## How to complete this task
Keep the lines exact and the pictures out as you repeat the following listing.

## Data shown

# # # # # # #

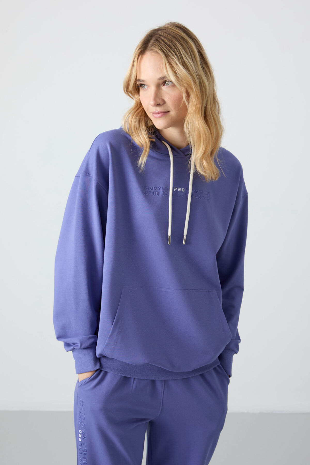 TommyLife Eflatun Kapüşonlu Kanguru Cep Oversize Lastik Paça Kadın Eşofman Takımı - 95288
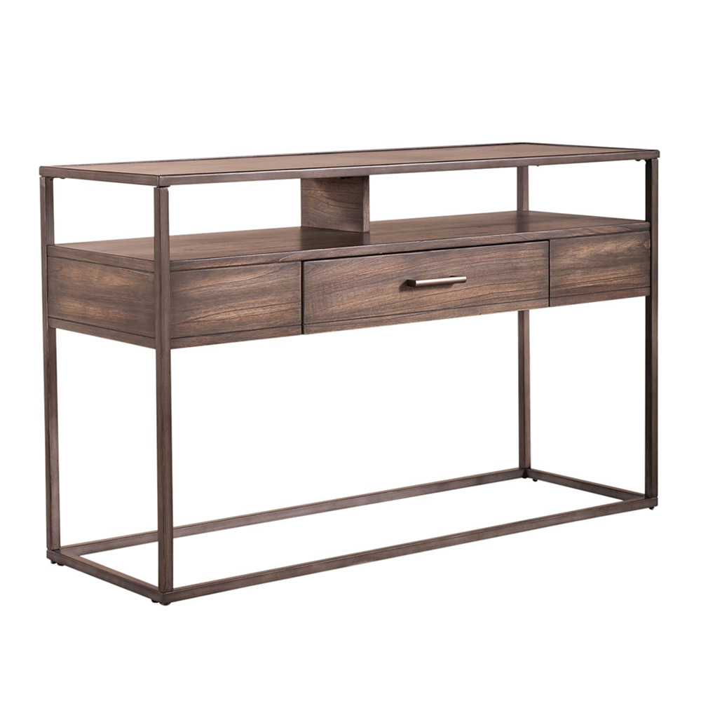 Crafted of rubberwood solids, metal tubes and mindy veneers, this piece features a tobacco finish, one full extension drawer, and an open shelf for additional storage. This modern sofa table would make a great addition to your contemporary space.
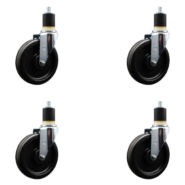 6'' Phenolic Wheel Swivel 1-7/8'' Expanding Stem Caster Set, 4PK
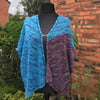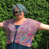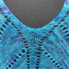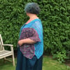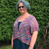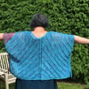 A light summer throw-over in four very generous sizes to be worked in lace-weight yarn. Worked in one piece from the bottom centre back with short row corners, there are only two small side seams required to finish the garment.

# # # # # # #

## Exercise solution
 TommyLife Eflatun Kapüşonlu Kanguru Cep Oversize Lastik Paça Kadın Eşofman Takımı - 95288
 Crafted of rubberwood solids, metal tubes and mindy veneers, this piece features a tobacco finish, one full extension drawer, and an open shelf for additional storage. This modern sofa table would make a great addition to your contemporary space.
 6'' Phenolic Wheel Swivel 1-7/8'' Expanding Stem Caster Set, 4PK
 A light summer throw-over in four very generous sizes to be worked in lace-weight yarn. Worked in one piece from the bottom centre back with short row corners, there are only two small side seams required to finish the garment.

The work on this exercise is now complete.